Wednesday, June 15, 2005

Help Me Solve the Problems in Sudan

First, go here.

I give a damn. But when I finished reading this column, I felt more dejected than I did before. With lots of time and a voracious appetite for NPR and The Miami Herald, I'm fairly well informed for your average college graduate. I already knew about the problems in the Darfur region. I understood the "geo-political context" (a Jody phrase) of why more is not being done to help alleviate suffering in the country that doesn't even recognize there's a problem. After reading Pitts, though, I was suddenly overwhelmed with faces in my mind -- faces of particular women, with blank, withdrawn looks on their faces -- belonging to people I've only ever seen in Knight Ridder's stock photo collection that's dusted off for page 23A.

And now I can't stop thinking about those women being raped. Or being forced to watch their children be raped. Or being unable to tear their eyes away from their brothers and husbands and cousins being beaten to death.

I give a damn.

So what can I do, Mr. Pitts? What good will come of my $500 in the hands of Doctors for Borders? Some good, I'm sure -- I'd hope -- but what of those women in my mind, what of their rapes? I'll gladly email, snail mail, and call my senator and representatives; I'll even get ten of my friends to do the same in their districts. But what of the women in my mind, what of their friends and daughters who will be raped tomorrow and the next day and the day after that? The geo-political landscape dictates that until the problems in Sudan infringe on US national security, it will be up to the opinion pages, Nicholas Kristof, NGOs and, well, who?, to keep reminding the world that real people like your grandma and your sister and your favorite check-out teller at your local Walgreens are being killed.

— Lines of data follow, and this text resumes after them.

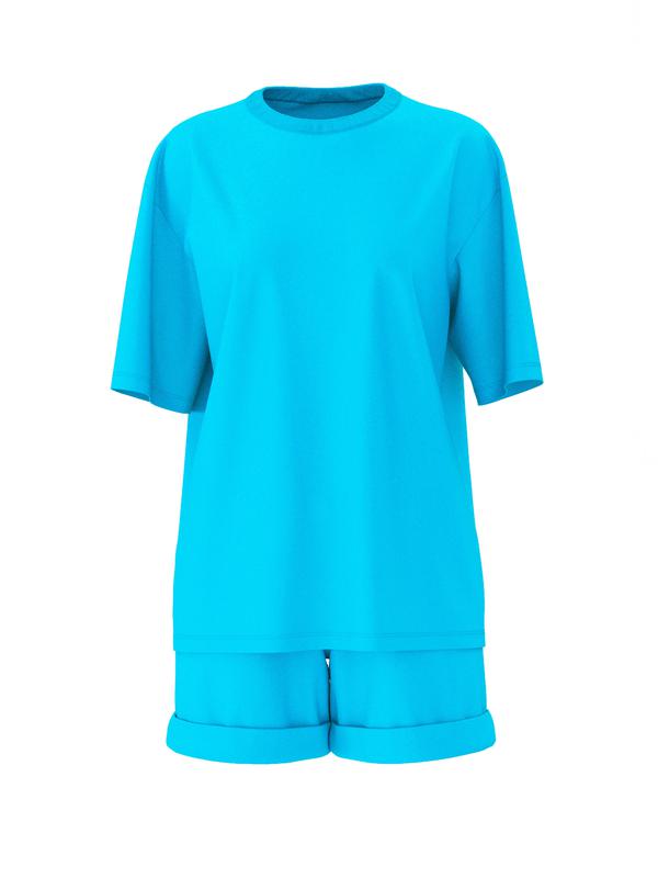 Женский спортивный костюм летний из хлопкового трикотажного полотна. Верх костюма - футболка свободного силуэта оверсайз с заниженой линией плеча, с коротким рукавом. Нижняя часть комплекта - шорты средней длины, с карманами в боковых подрезах, низ шорт - с отворотами. <span>Читать далее</span>
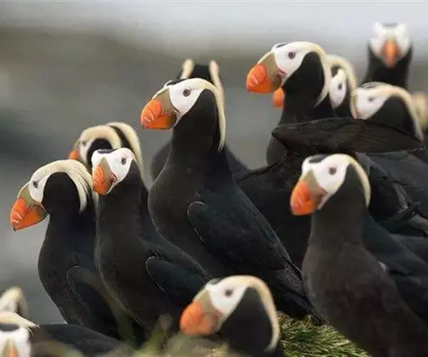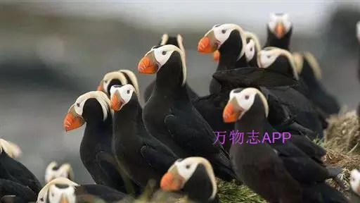 角嘴海雀,是海雀科、角嘴海雀属的中型海鸟,体长32-41厘米,嘴短而粗呈圆锥状、橙色。夏羽上嘴基部…
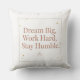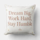 "Transform your workspace or living room with a touch of daily inspiration. This elegant throw pillow features a sleek rose gold typography with the powerful reminder: 'Dream Big, Work Hard, Stay Humble'. Whether you're an entrepreneur looking for office motivation or someone who loves modern minimalist decor, this pillow is the perfect blend of comfort and ambition. High-quality print, soft fabric, and a timeless message that makes it a great gift for graduates or a new home office setup."
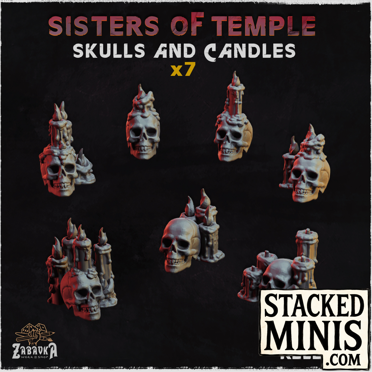 Skulls and Candles terrain pieces from the Sisters of Temple range by Zabavka Workshop. 7 unique pieces in the set, designed for tabletop terrain and basing.
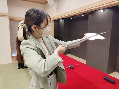さらに、実際の刀を手に取り鑑賞できる貴重なイベント「刀剣鑑賞会」に参加できる。刀に触れる前に刀剣鑑賞の作法やマナーのレクチャー、模造刀を使った練習もあり、初めて触れる人も安心して参加できる。
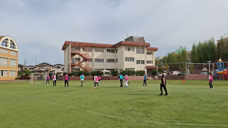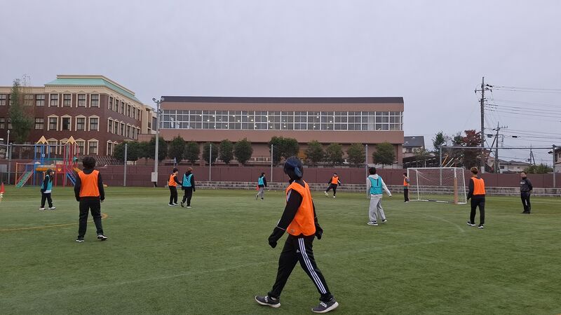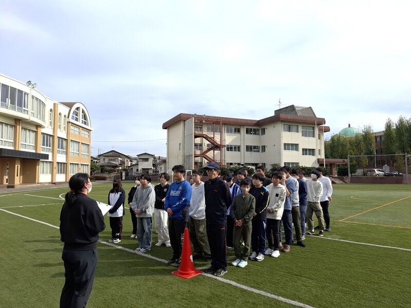 多くの生徒が集まり、準備運動をしっかりと行い、サッカーとリレーを行いました。
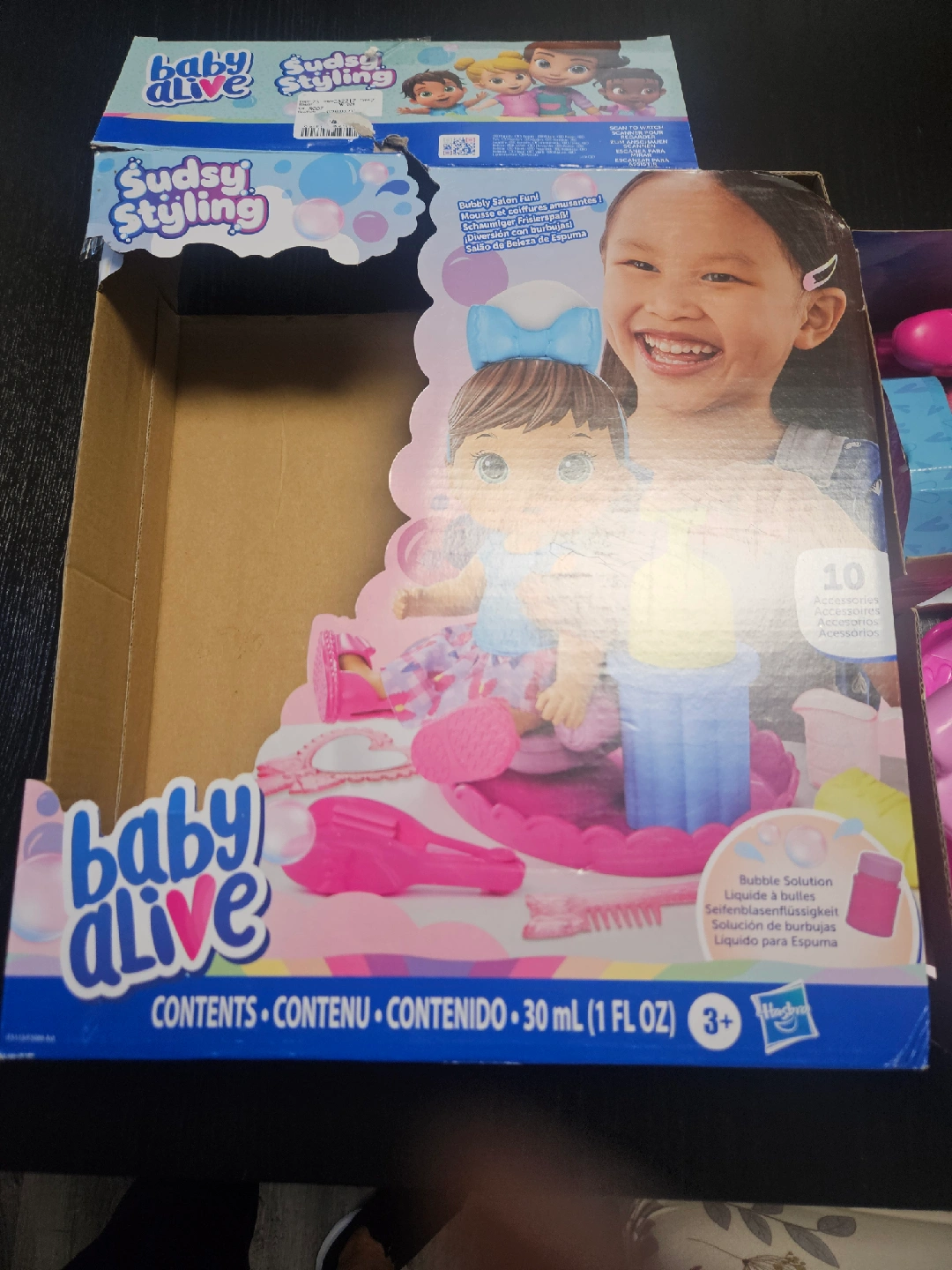 Selling a brand new Baby Alive Sudsy Styling doll! It comes with 10 accessories for fun, bubbly salon play. Recommended for ages 3+. The box is included and contains everything you need to create fun hairstyles for your Baby Alive doll
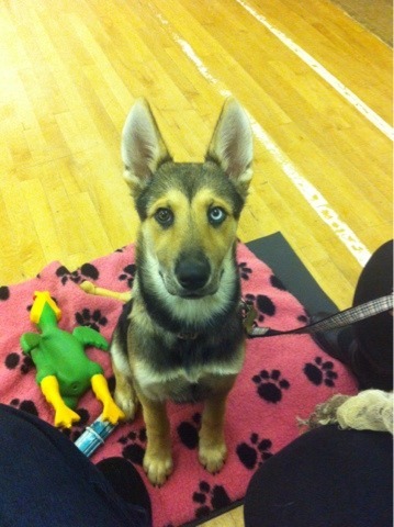 Here is our lovely (if very active) husky/ rottie/lab cross, sitting nicely, ready for her time at puppy school. What the trainer didn't realise of course was that while taking this picture, we were holding a bag of treats above my head!
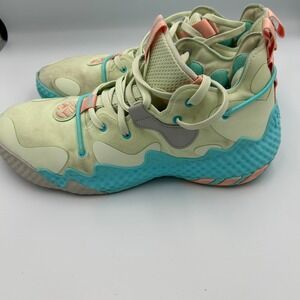 These are dirty and need washing but are structurally sound. Adidas Harden Vol 6 basketball shoes in a light yellow, blue, and pink colorway. These athletic shoes feature a supportive mid-top design with distinctive wavy sole detailing. The "BOOST" technology in the midsole provides responsive cushioning. Ideal for intense games on the court or casual streetwear style.
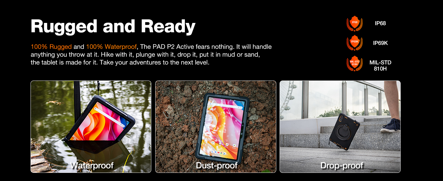 - – Built to endure the toughest environments, AGM P2 Active rugged tablet meets MIL-STD-810H military-grade standards, ensuring resistance to shocks, drops, and vibrations. With IP68 & IP69K waterproofing, it withstands high-pressure water jets and full submersion, while its dustproof, dropproof design ensures reliable performance in any harsh setting
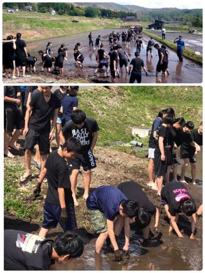 泥の感触が気持ちよさそうて、歓声が上がっています。
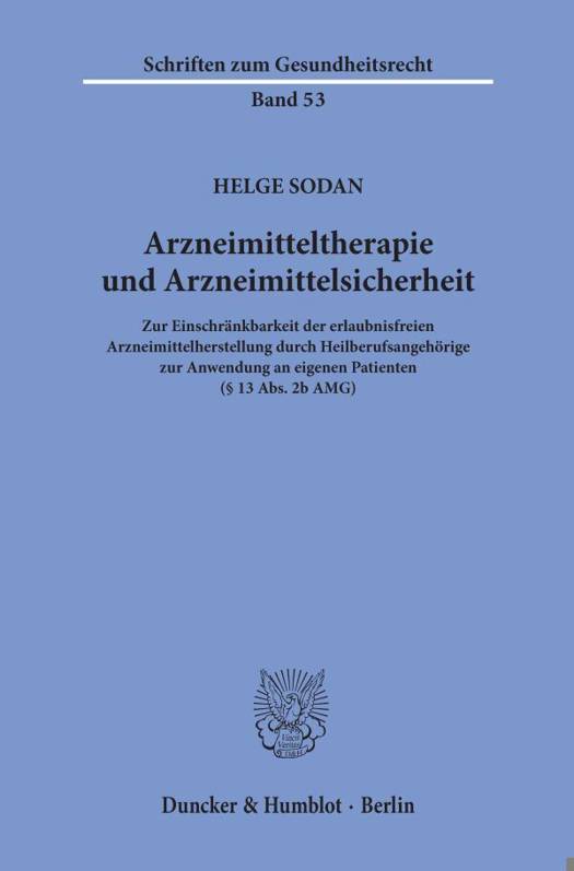 Die erlaubnisfreie Arzneimittelherstellung durch Arzte oder sonst zur Ausubung der Heilkunde Befugte zum Zwecke der personlichen Anwendung bei bestimmten Patienten soll durch das Gesetz fur mehr Sicherheit in der Arzneimittelversorgung (GSAV) eingeschrankt werden, dessen Entwurf die Bundesregierung am 30.1.2019 beschlossen hat (BR-Drucks. 53/19). Auf der Grundlage einiger Vorschriften konnten zukunftig die Verwendung von Organextrakten, die falschlich als Frischzellen bezeichnet werden, bei der Herstellung von Arzneimitteln sowie die Anwendung entsprechender Arzneimittel am Patienten verboten werden. Die vorliegende Schrift beruht auf einem Rechtsgutachten, welches im Auftrag der Europaischen Gesellschaft fur Angewandte Immunologie e. V. (EGAI) erstellt wurde. (Aus dem Vorwort)
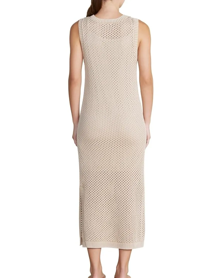 - The Barefoot Dreams® Sunbleached Beach Dress is crafted from durable cotton fabric that takes your comfort to the next level. The open-knit stitching details all over offer style and breathability. This knit dress comes in a sunbleached wash and is garment dyed to offer a hi-low color effect. The semi-fitted tank design provides a chic look while the sleeveless design and crew neckline add to its comfort.
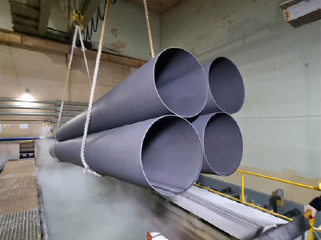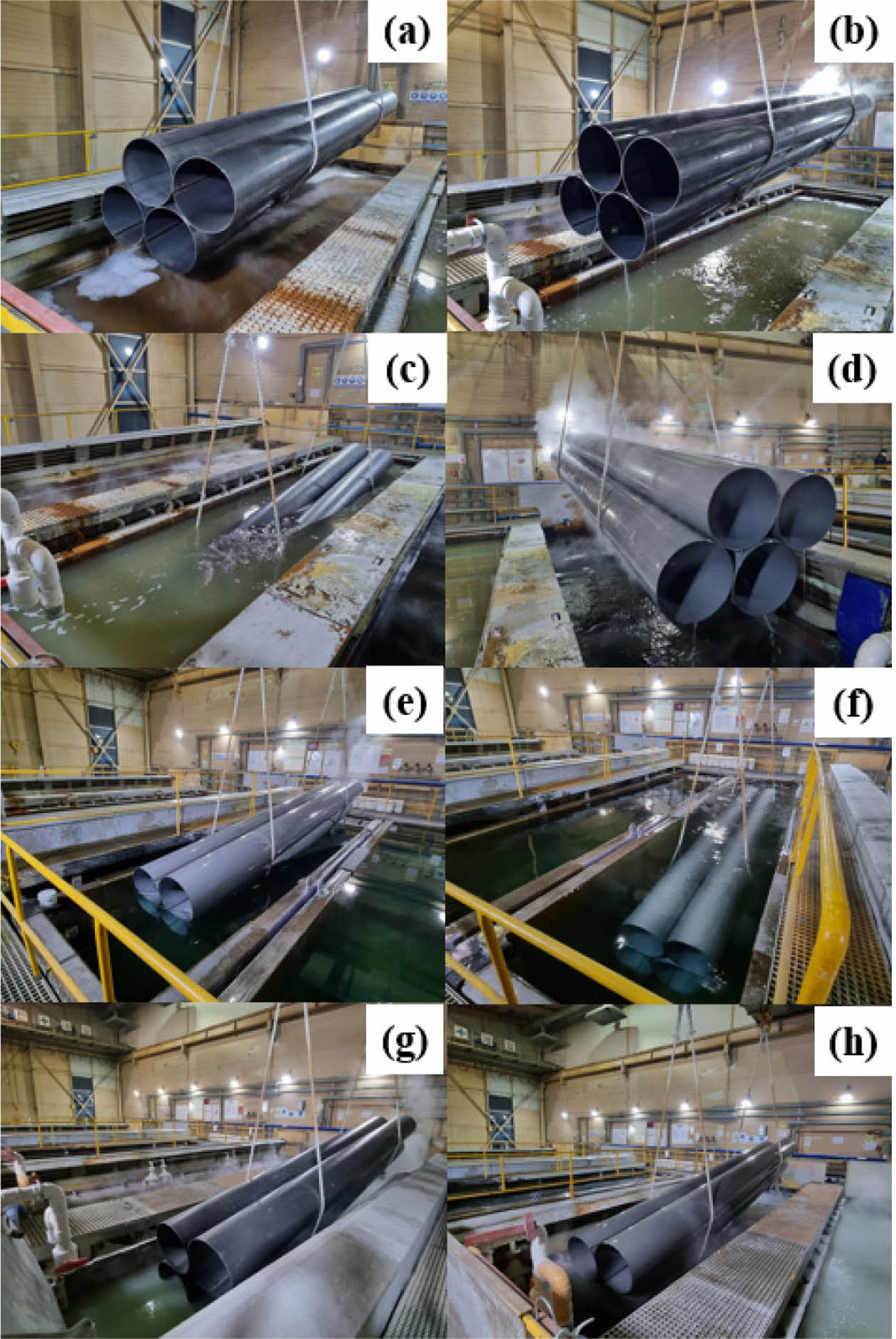Fig. 4(g)의 화성 공정은 인산염을 통해 85oC의 물에서 10분간 진행 후 공정에서 발생한 슬러지 제거를 위해 70oC의 상수에 담가 탕세 공정으로 코팅을 마무리하였다. 코팅이 완료된 화학적 전처리 관을 상온에 12시간 이상 노출시켰고, 녹이 발생하지 않음을 확인함에 따라 화학적 전처리 공정에 대한 검증을 완료하였다(Fig. 5).

Tell me what to do because I give a damn.

You're the one with the bully pulpit, Mr. Pitts, so tell me what to do. Tell your large, syndicated readership one thing to do, one person with power to write to, so that collectively we may have a louder voice of outrage heard. Because I give a damn. And right now I feel like a worthless, helpless, incapacitated, guilty bystander who promised she learned from her obsessive reading about the Holocaust and visits to Holocaust museums and memorials and is now doing nothing but worry irrationally about irrational acts of violence with no ideas or plan for concrete action.

1 ..::thought(s)::..

At 10:37 PM, Blogger Black Magic ..::word(s)::..

Jenny, I don't think you're alone in feeling helpless. I think that's the way we're programmed to think in society nowadays. I mean, if you think about the lessons we're taught by our parents, our teachers, and society as a whole, it makes sense. We're constantly made aware of all these atrocities that happen next door, in the next nation, or on another contintent. We're told to get off our asses, give a damn, and do something. Give some money to some philanthropic cause. Dedicate a week of your life to making some phone calls, or writing letters in protest. But at the end of all those little nudges to give a damn, it seems that silently, but strongly, society has tacked on one addendum..."While you should definitely give a damn, it's not worth giving your life." And I think that's where the problem comes in and what allows injustices to continue. People in today's society seem incapable to find something for which they'd give their life. I don't know what I'd do it for. But I know I'd be hardpressed to say that I'd give up the course of my life right now to go over to Sudan and really make a difference.

So in the end, does it really matter whether or not we care. Do the people getting murdered know we care. No. If we were willing to give our lives to prevent them from losing their lives, would it matter to them? Who knows, but I sure as hell bet it'd make a bit more of a difference.